Input material Block Start
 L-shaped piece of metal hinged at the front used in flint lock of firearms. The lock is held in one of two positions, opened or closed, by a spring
Input material Block End
Input material Block Start
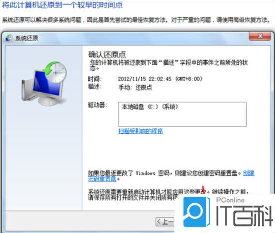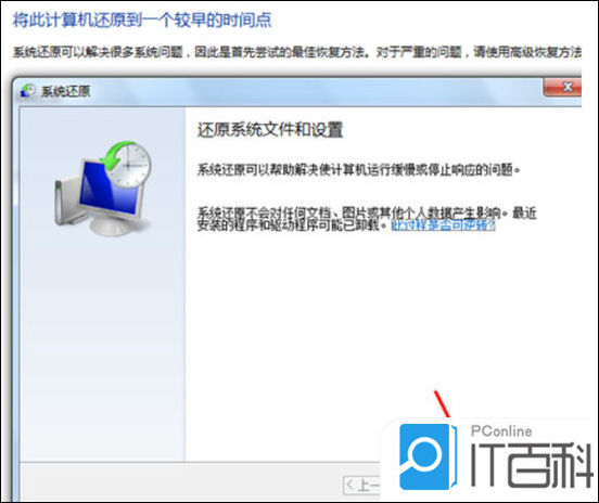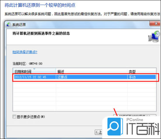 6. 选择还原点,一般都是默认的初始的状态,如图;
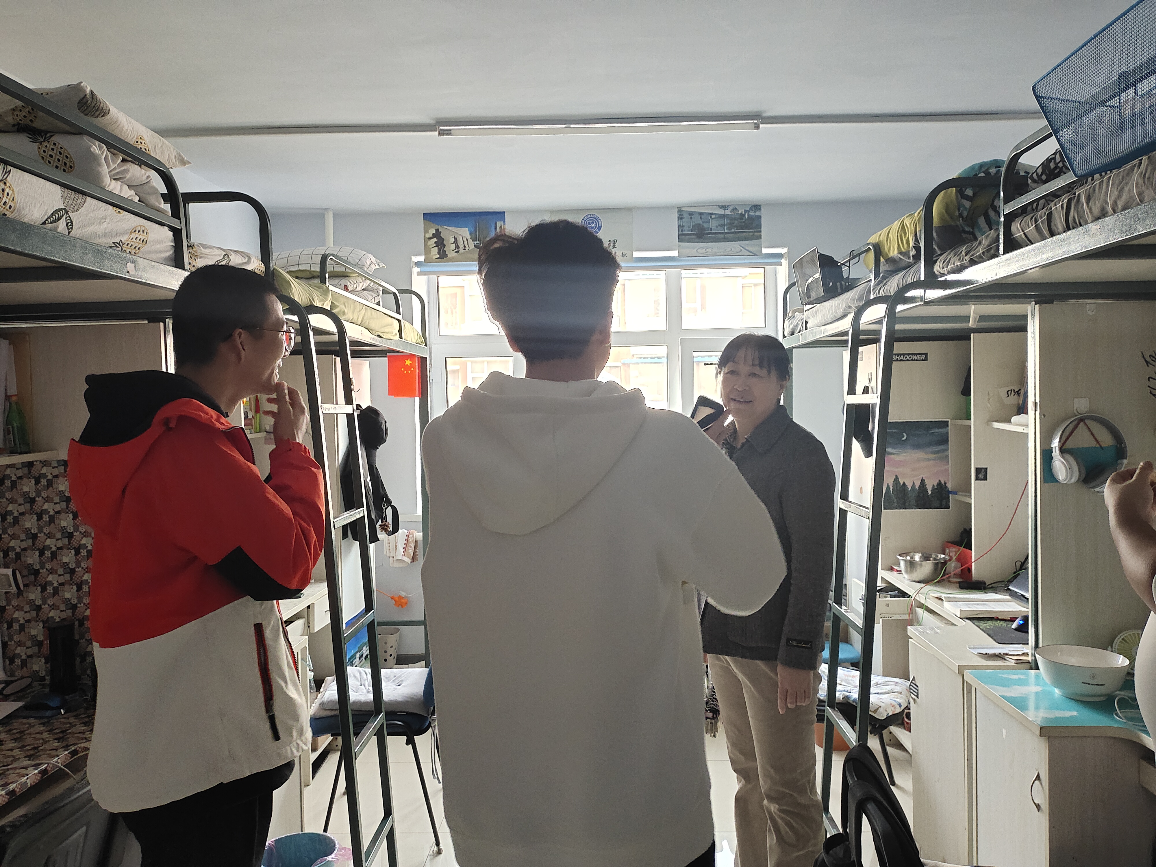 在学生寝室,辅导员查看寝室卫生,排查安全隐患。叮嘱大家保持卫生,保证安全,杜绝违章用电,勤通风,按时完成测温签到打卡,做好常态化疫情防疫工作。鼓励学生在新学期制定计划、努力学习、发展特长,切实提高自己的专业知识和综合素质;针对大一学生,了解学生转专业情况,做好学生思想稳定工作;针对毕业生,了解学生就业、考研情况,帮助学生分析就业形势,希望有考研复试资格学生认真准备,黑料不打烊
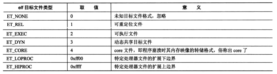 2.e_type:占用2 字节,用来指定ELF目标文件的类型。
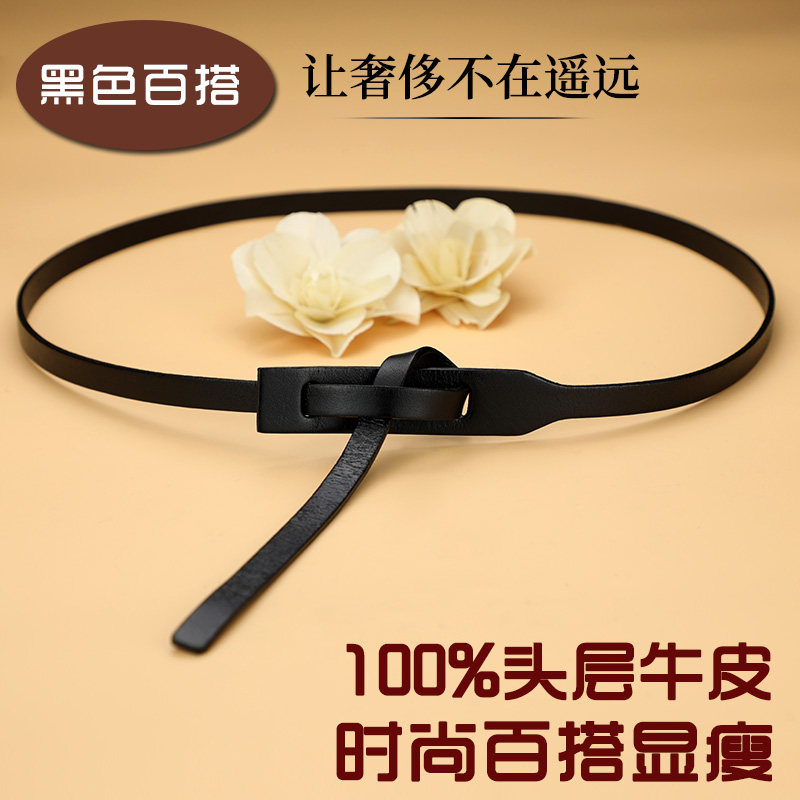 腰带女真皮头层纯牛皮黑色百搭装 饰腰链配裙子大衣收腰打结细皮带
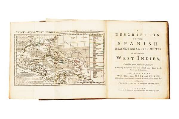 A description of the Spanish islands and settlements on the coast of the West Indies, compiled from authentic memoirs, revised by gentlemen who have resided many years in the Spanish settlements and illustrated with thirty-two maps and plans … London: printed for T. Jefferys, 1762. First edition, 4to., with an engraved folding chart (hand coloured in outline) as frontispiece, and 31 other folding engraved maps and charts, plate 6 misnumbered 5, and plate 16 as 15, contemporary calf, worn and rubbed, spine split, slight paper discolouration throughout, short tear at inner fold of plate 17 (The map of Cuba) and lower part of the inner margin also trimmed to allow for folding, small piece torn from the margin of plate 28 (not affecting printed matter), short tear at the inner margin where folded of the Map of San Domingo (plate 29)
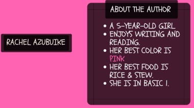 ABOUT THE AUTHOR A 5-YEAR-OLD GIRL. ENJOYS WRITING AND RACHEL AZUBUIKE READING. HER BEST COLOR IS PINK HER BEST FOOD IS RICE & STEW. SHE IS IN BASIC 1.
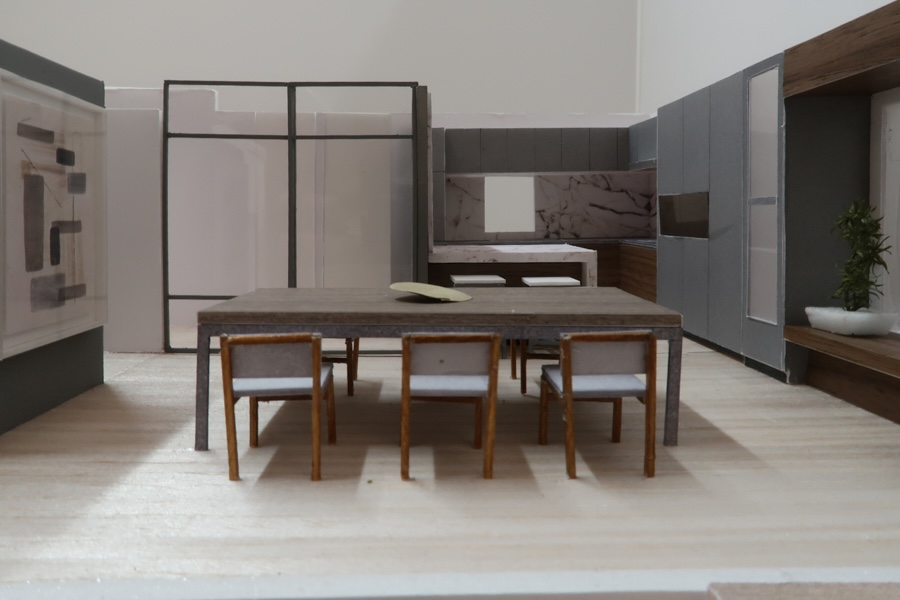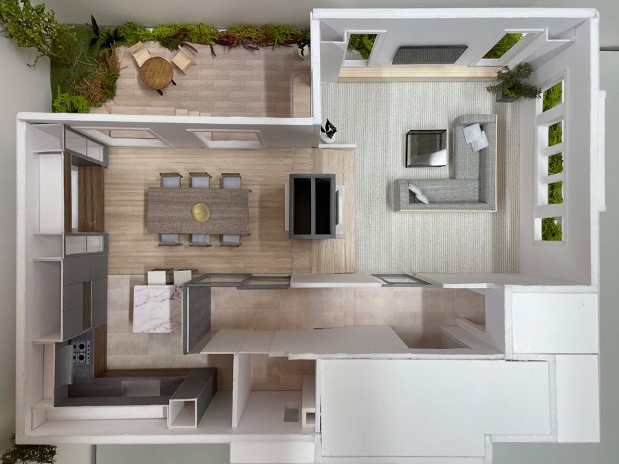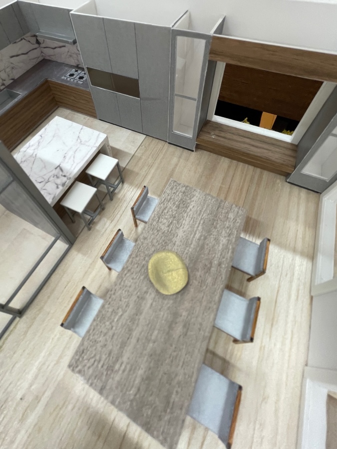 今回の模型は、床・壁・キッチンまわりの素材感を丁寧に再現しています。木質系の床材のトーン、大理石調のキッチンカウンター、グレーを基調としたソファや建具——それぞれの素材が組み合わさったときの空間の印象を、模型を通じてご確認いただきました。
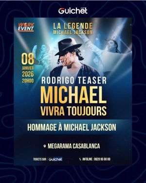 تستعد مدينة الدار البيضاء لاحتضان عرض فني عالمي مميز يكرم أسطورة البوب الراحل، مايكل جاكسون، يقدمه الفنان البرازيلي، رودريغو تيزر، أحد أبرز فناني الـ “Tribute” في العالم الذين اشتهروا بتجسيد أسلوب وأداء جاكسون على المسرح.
Input material Block End
Input material Block Start
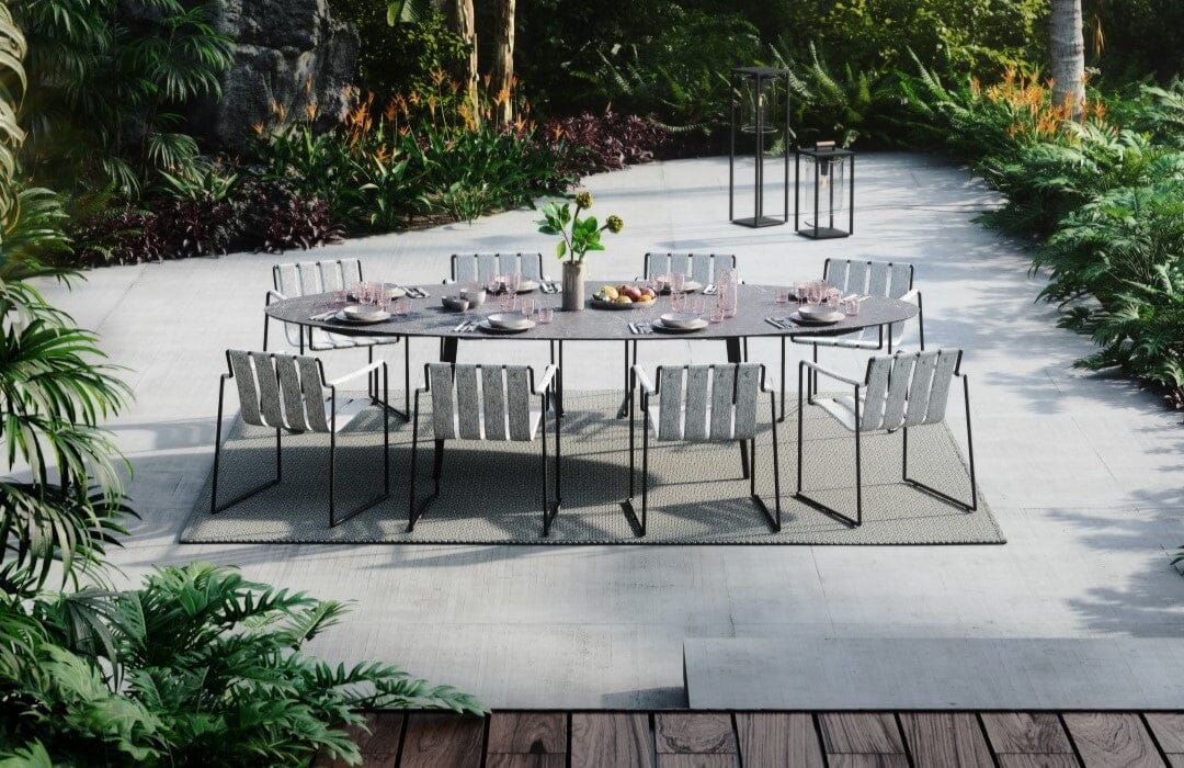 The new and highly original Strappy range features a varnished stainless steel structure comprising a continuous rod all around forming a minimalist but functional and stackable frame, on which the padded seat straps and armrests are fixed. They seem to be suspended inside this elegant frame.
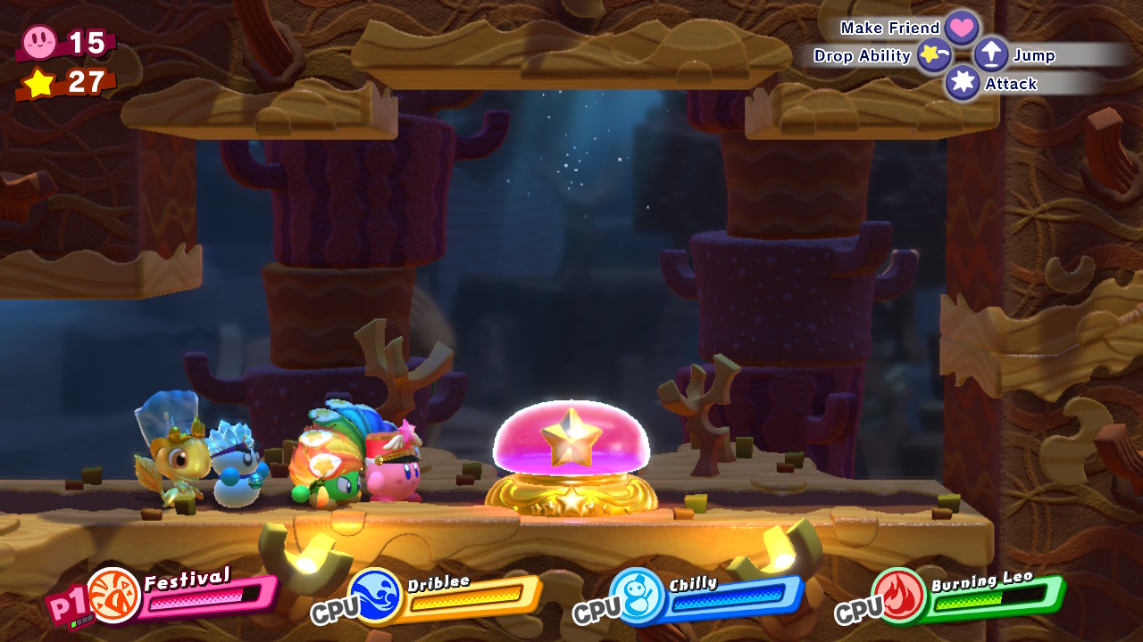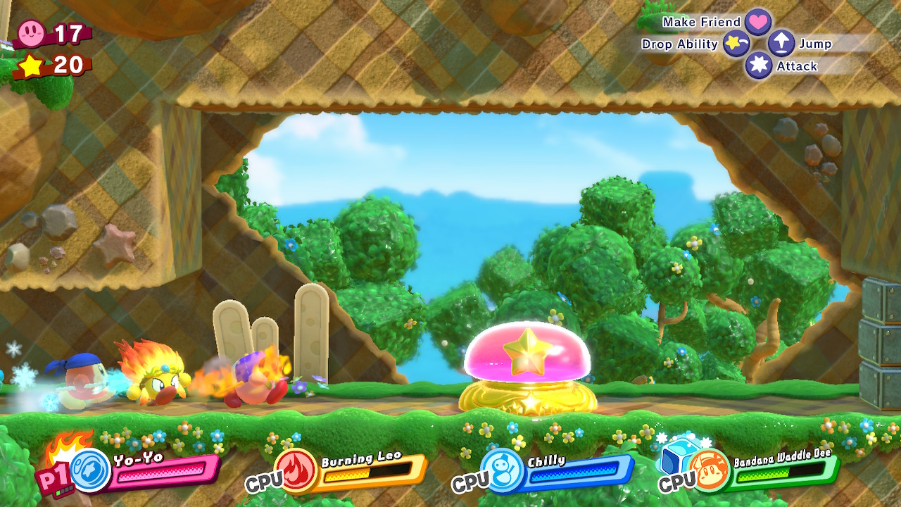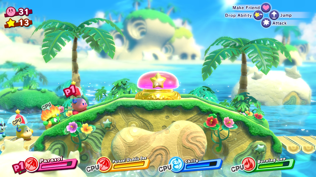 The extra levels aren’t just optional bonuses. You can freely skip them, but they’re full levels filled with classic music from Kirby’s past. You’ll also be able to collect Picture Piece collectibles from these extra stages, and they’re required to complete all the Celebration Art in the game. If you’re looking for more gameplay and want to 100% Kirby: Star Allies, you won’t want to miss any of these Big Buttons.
Input material Block End
- [Instructions to follow]
Restate word for word every line from the one with "6. 选择还原点,一般都是默认的初始的状态,如图;" up to and including the one with "ABOUT THE AUTHOR" in the records above, minus the pictures.

- [Answer section]
 6. 选择还原点,一般都是默认的初始的状态,如图;
 在学生寝室,辅导员查看寝室卫生,排查安全隐患。叮嘱大家保持卫生,保证安全,杜绝违章用电,勤通风,按时完成测温签到打卡,做好常态化疫情防疫工作。鼓励学生在新学期制定计划、努力学习、发展特长,切实提高自己的专业知识和综合素质;针对大一学生,了解学生转专业情况,做好学生思想稳定工作;针对毕业生,了解学生就业、考研情况,帮助学生分析就业形势,希望有考研复试资格学生认真准备,黑料不打烊
 2.e_type:占用2 字节,用来指定ELF目标文件的类型。
 腰带女真皮头层纯牛皮黑色百搭装 饰腰链配裙子大衣收腰打结细皮带
 A description of the Spanish islands and settlements on the coast of the West Indies, compiled from authentic memoirs, revised by gentlemen who have resided many years in the Spanish settlements and illustrated with thirty-two maps and plans … London: printed for T. Jefferys, 1762. First edition, 4to., with an engraved folding chart (hand coloured in outline) as frontispiece, and 31 other folding engraved maps and charts, plate 6 misnumbered 5, and plate 16 as 15, contemporary calf, worn and rubbed, spine split, slight paper discolouration throughout, short tear at inner fold of plate 17 (The map of Cuba) and lower part of the inner margin also trimmed to allow for folding, small piece torn from the margin of plate 28 (not affecting printed matter), short tear at the inner margin where folded of the Map of San Domingo (plate 29)
 ABOUT THE AUTHOR A 5-YEAR-OLD GIRL. ENJOYS WRITING AND RACHEL AZUBUIKE READING. HER BEST COLOR IS PINK HER BEST FOOD IS RICE & STEW. SHE IS IN BASIC 1.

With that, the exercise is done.